Jackson v. General Refractories
Co., 581 S.W.2d 10 (Ky. 1979); Caudill v. Maloney’s Discount Stores, 560 S.W.2d 15
(Ky. 1977). In that regard, an ALJ is vested with broad authority to decide
questions involving causation. Dravo Lime Co. v. Eakins, 156 S.W.3d 283
(Ky. 2003).
The function of the
Board in reviewing an ALJ’s decision is limited to a determination of whether
the findings made are so unreasonable under the evidence that they must be
reversed as a matter of law. Ira A. Watson Department Store v. Hamilton,
34 S.W.3d 48 (Ky. 2000). The Board, as an appellate tribunal, may not usurp the
ALJ's role as fact-finder by superimposing its own appraisals as to weight and
credibility or by noting other conclusions or reasonable inferences that otherwise could have been drawn from the
evidence. Whittaker v. Rowland,
998 S.W.2d 479 (Ky. 1999).
Here, the ALJ relied upon the opinions
of Dr. Autry who unequivocally opined, in the May 24, 2017, report, McDaniel
did not have a pre-existing active impairment at the time of the September 6,
2016, work injury. While there may be
conflicting medical testimony in the record, and a party may note evidence
supporting a different outcome than that reached by an ALJ, such proof does not
serve as an adequate basis to reverse on appeal. McCloud v. Beth-Elkhorn Corp.,
514 S.W.2d 46 (Ky. 1974).[1]
Rather, it must be shown there was no evidence of substantial probative value
to support the decision. Special Fund
v. Francis, 708 S.W.2d 641 (Ky. 1986). As Dr. Autry’s opinions constitute
substantial evidence in support of the ALJ’s decision that no portion of the
impairment rating is attributable to an alleged pre-existing active condition
or disability, we may not disturb the ALJ’s decision on this issue.
The ALJ also relied
upon McDaniel’s
testimony indicating “she continued to work 12-hour shifts prior to the 2016 work
injury but was rendered unable to return to work thereafter” in making his
determination that she did not suffer from pre-existing, active impairment at
the time of her injury. This testimony firmly supports the ALJ’s finding
McDaniel did not suffer from a pre-existing active impairment.
Finally, CTA asserts
the ALJ erred by awarding TTD benefits through May 24, 2017, by relying upon
Dr. Autry’s medical opinions “[g]iven the flaws in the testimony of Dr. Autry.”

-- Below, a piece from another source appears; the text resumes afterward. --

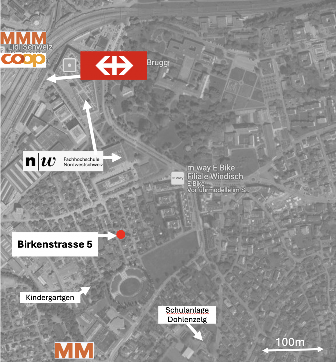 Die Birkenstrasse befindet sich in einer ruhigen, familienfreundlichen Nebenstrasse, ideal für Familien dank der Nähe zu Kindergarten und Schulen. Einkaufsmöglichkeiten, Restaurants, Cafés und Fachgeschäfte sind bequem zu Fuß erreichbar. Verkehrstechnisch ist die Lage optimal: Der Bahnhof Brugg ist in weniger als 5 Minuten zu Fuss erreichbar. Von dort aus sind Sie schneller in Zürich, Basel oder Bern als mit dem Auto.
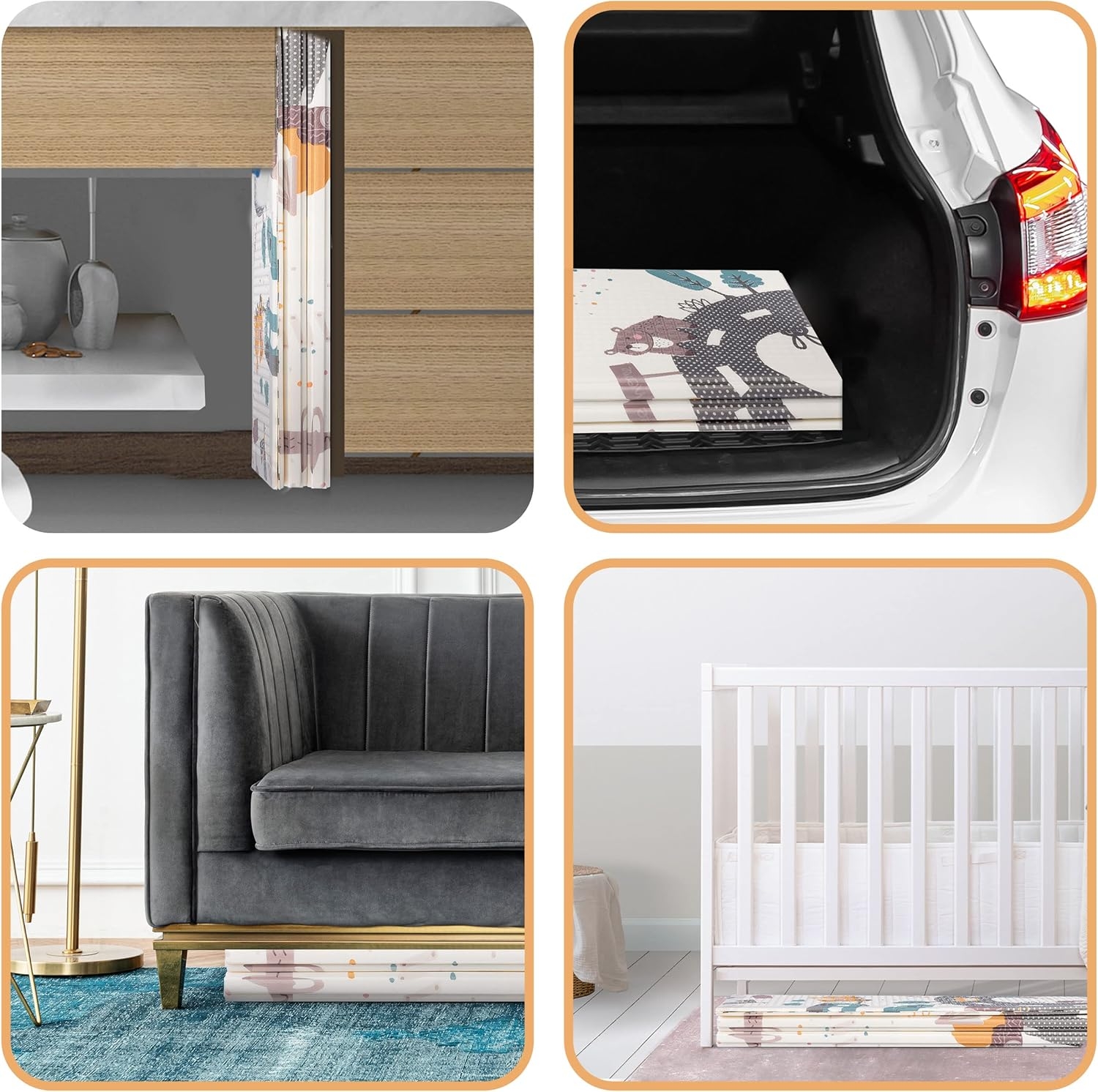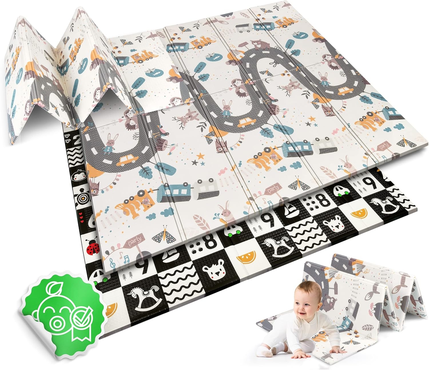 Το χαλάκι επιτρέπει στο μωρό σας να παίζει άνετα, χωρίς να έρχεται σε άμεση επαφή με το έδαφος. Τοποθετήστε το σε οποιοδήποτε δωμάτιο και βάλτε πάνω του όλα τα αγαπημένα παιχνίδια του παιδιού σας. Με προσοχή στη λεπτομέρεια και την ποιότητα, προσφέρει ένα ασφαλές και υγιές περιβάλλον παιχνιδιού για τα παιδιά σας!

Significantly, CTA does not raise any other deficiency pertaining to the award
of TTD benefits. We disagree and affirm on this issue.
In the January 19,
2018, Opinion and Award, the ALJ awarded TTD benefits from September 6, 2016,
the date of the injury and the date McDaniel ceased working at CTA, through the
date Dr. Autry deemed McDaniel to have reached MMI on May 24, 2017. For the
reasons stated herein, Dr. Autry’s medical opinions can indeed be relied upon. Therefore,
Dr. Autry’s determination of MMI on May 24, 2017, constitutes substantial
evidence in support of the ALJ’s award of TTD benefits through May 24, 2017.
Dr. Tutt’s
opinion regarding when MMI was attained differs from Dr. Autry’s, however, his
opinion merely constitutes conflicting evidence the ALJ was free to reject.[2]

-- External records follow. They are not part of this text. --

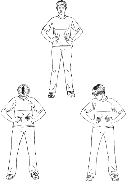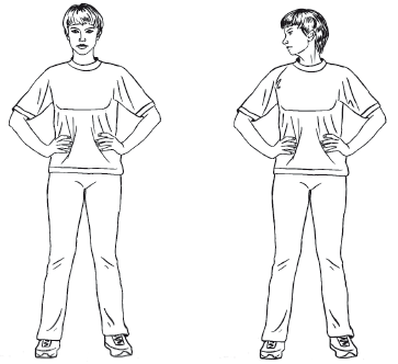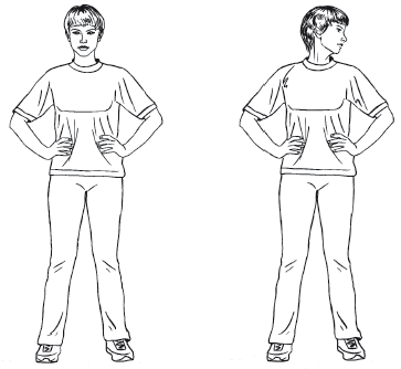 Исходное положение: станьте прямо, ноги на ширине плеч, руки на поясе, голову держите прямо, взгляд направлен вперед.
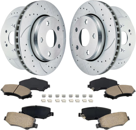 【Brake Kit Includes】: 2 x Front Drilled Slotted Brake Rotors, 2 x Front Ceramic Brake Pads, easy installation with no modifications required.
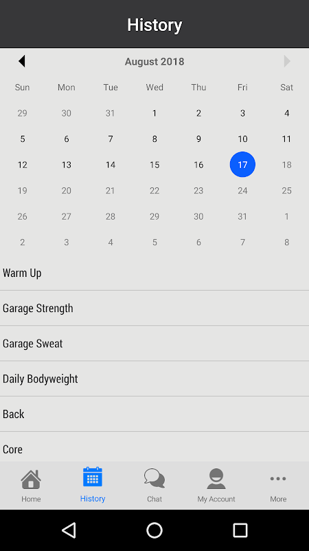 Workout History so you can constantly review what you have done in the past see how much you have improved.
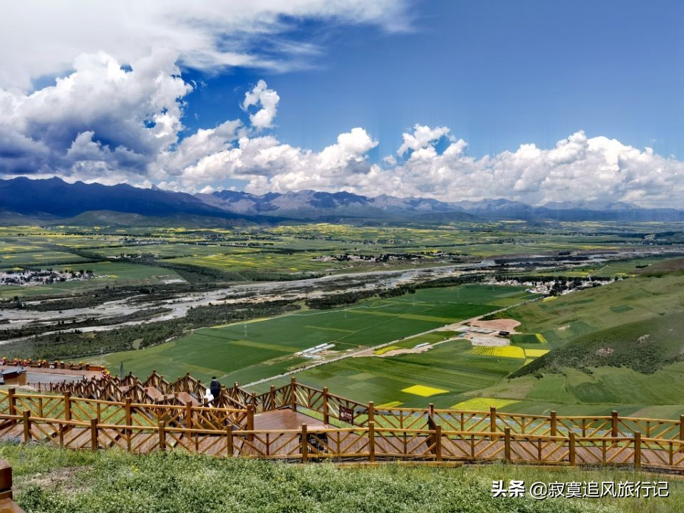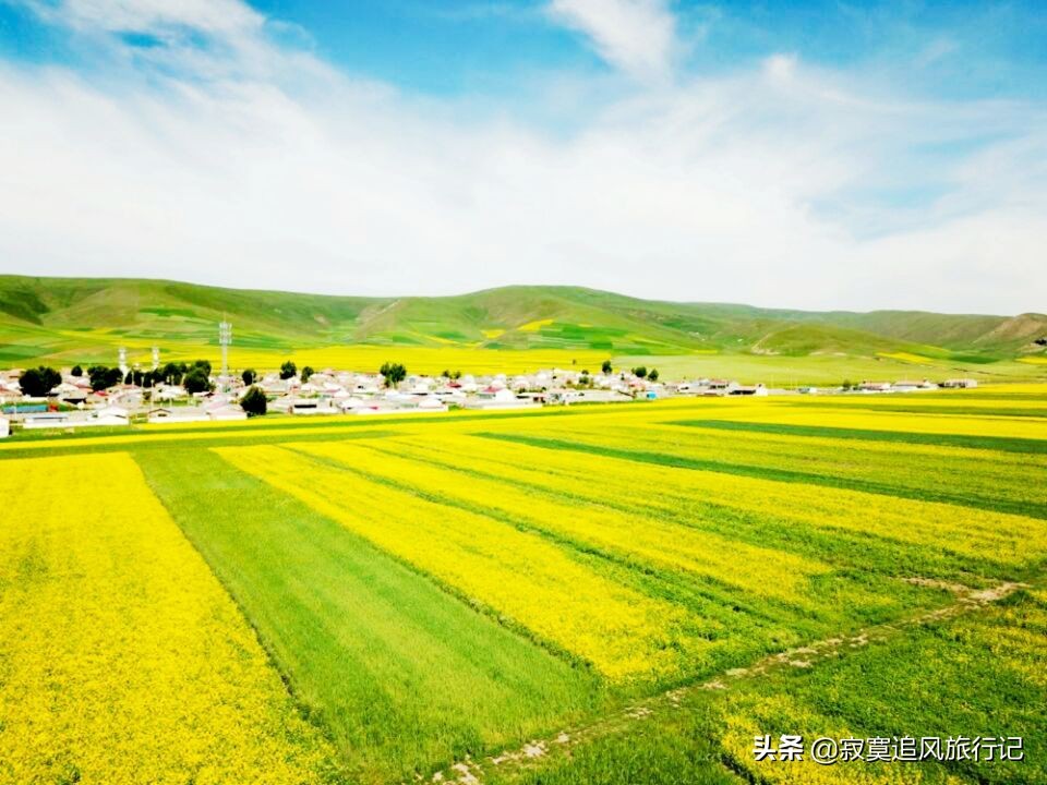3. 出青石嘴镇,走门源到祁连县的道路两旁,有大片的青稞地和油菜花地,黄色和青翠色搭配蓝天白云,非常漂亮。推荐。

The sole ground CTA puts forth on appeal for reversal of the award of TTD
benefits is the ALJ’s reliance upon Dr. Autry’s opinion as to when McDaniel
attained MMI. Since Dr. Autry’s opinion regarding when McDaniel attained MMI
constitutes substantial evidence, the award of TTD benefits must be affirmed.

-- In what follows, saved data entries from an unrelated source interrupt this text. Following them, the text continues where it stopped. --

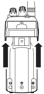 Убедитесь, что ваша радиостанция выключена. Совместите аккумуляторную батарею с направляющей и сдвиньте аккумуляторную батарею вверх до щелчка.
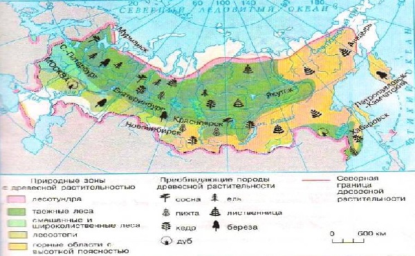 Карта лесистости территории России в %
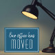 Temos um novo cartão de anúncio de mudança de endereço para uma empresa moderna ou corporação sofisticada que deseja atualizar seus clientes sobre um novo local. Nosso escritório mudou. Tipografia minimalista e elegante em cartões azuis e brancos para a sua empresa. Personalize a mudança de endereço no verso.
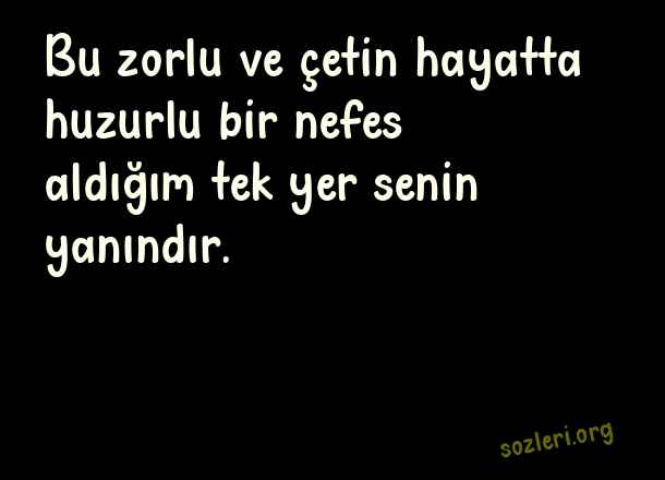 Bu zorlu ve çetin hayatta huzurlu bir nefes aldığım tek yer senin yanındır. ( Aşkıma Güzel Sözler )
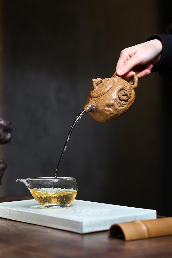 【泥料特點】砂土氣重,似淳實農民,日久使用,漸露鋒芒,養成變化,溫潤莊重。紫砂是壹種雙重氣孔結構的多孔性材質,氣孔微細,密度高。用紫砂壺沏茶,不失原味,且香不渙散,得茶之真香真味。紫砂使用越久,壺身色澤越發光亮照人,氣韻溫雅。紫砂壺長久使用器身會因撫摸擦拭,變得越發溫潤光澤。
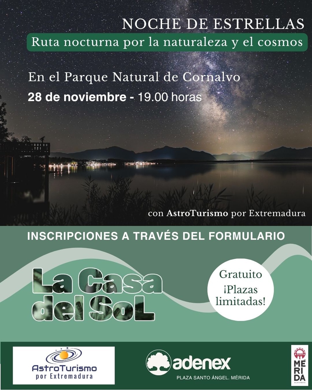 Entre dichas actividades se encuentra la denominada ‘Noche de Estrellas, Ruta nocturna por la naturaleza y el cosmos’ que tendrá lugar el viernes 28 de noviembre, De 19:00 a 21:30 horas, en el Parque Natural de Cornalvo. Una oportunidad única para disfrutar del atardecer en este espacio protegido y dejarse sorprender por un viaje a través del cielo nocturno, descubriendo estrellas, constelaciones y leyendas bajo la guía de personas expertas. ADENEX y Astroturismo por Extremadura invitan a toda la ciudadanía a acercarse, descubrir y participar activamente en estas iniciativas que combinan conocimiento, compromiso ambiental y convivencia.
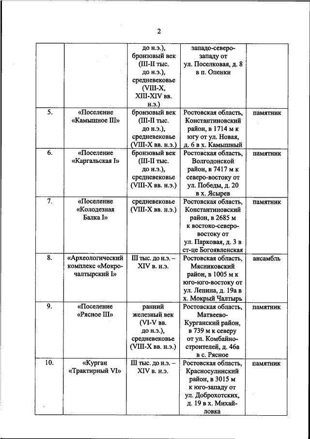 "О ВКЛЮЧЕНИИ ВЫЯВЛЕННЫХ ОБЪЕКТОВ КУЛЬТУРНОГО НАСЛЕДИЯ (ПАМЯТНИКОВ ИСТОРИИ И КУЛЬТУРЫ) НАРОДОВ РОССИЙСКОЙ ФЕДЕРАЦИИ (ОБЪЕКТОВ АРХЕОЛОГИЧЕСКОГО НАСЛЕДИЯ), РАСПОЛОЖЕННЫХ НА ТЕРРИТОРИИ ВОЛГОДОНСКОГО РАЙОНА, КОНСТАНТИНОВСКОГО РАЙОНА, КРАСНОСУЛИНСКОГО РАЙОНА, МАТВЕЕВО - КУРГАНСКОГО РАЙОНА, МЯСНИКОВСКОГО РАЙОНА, ОКТЯБРЬСКОГО РАЙОНА, ПРОЛЕТАРСКОГО РАЙОНА РОСТОВСКОЙ ОБЛАСТИ, В ЕДИНЫЙ ГОСУДАРСТВЕННЫЙ РЕЕСТР ОБЪЕКТОВ КУЛЬТУРНОГО НАСЛЕДИЯ ПАМЯТНИКОВ ИСТОРИИ И КУЛЬТУРЫ) НАРОДОВ РОССИЙСКОЙ ФЕДЕРАЦИИ В КАЧЕСТВЕ ОБЪЕКТОВ КУЛЬТУРНОГО НАСЛЕДИЯ (ПАМЯТНИКОВ ИСТОРИИ И КУЛЬТУРЫ) НАРОДОВ РОССИЙСКОЙ ФЕДЕРАЦИИ ФЕДЕРАЛЬНОГО ЗНАЧЕНИЯ И УТВЕРЖДЕНИИ ГРАНИЦ ИХ ТЕРРИТОРИЙ"

Accordingly, the January 19, 2018, Opinion and
Award and the February 28, 2018, Order ruling on CTA’s Petition for
Reconsideration are hereby AFFIRMED.
ALL CONCUR.
COUNSEL
FOR PETITIONER:
HON MCKINNLEY MORGAN
921 S MAIN ST
LONDON KY 40741
COUNSEL
FOR RESPONDENT:
HON MARCUS ROLAND
P O BOX 910454
LEXINGTON KY 40591
ADMINISTRATIVE
LAW JUDGE:
HON JONATHAN R WEATHERBY
657 CHAMBERLIN AVE
FRANKFORT KY 40601
[1] Dr. Henry Tutt, in his November 17, 2016,
report, opined McDaniel had a pre-existing active impairment rating for lumbar
degenerative disk disease of 5% at the time of the September 6, 2016, injury.
[2] In his November 17, 2016, report, Dr. Tutt
opined McDaniel reached MMI as of the date of his report.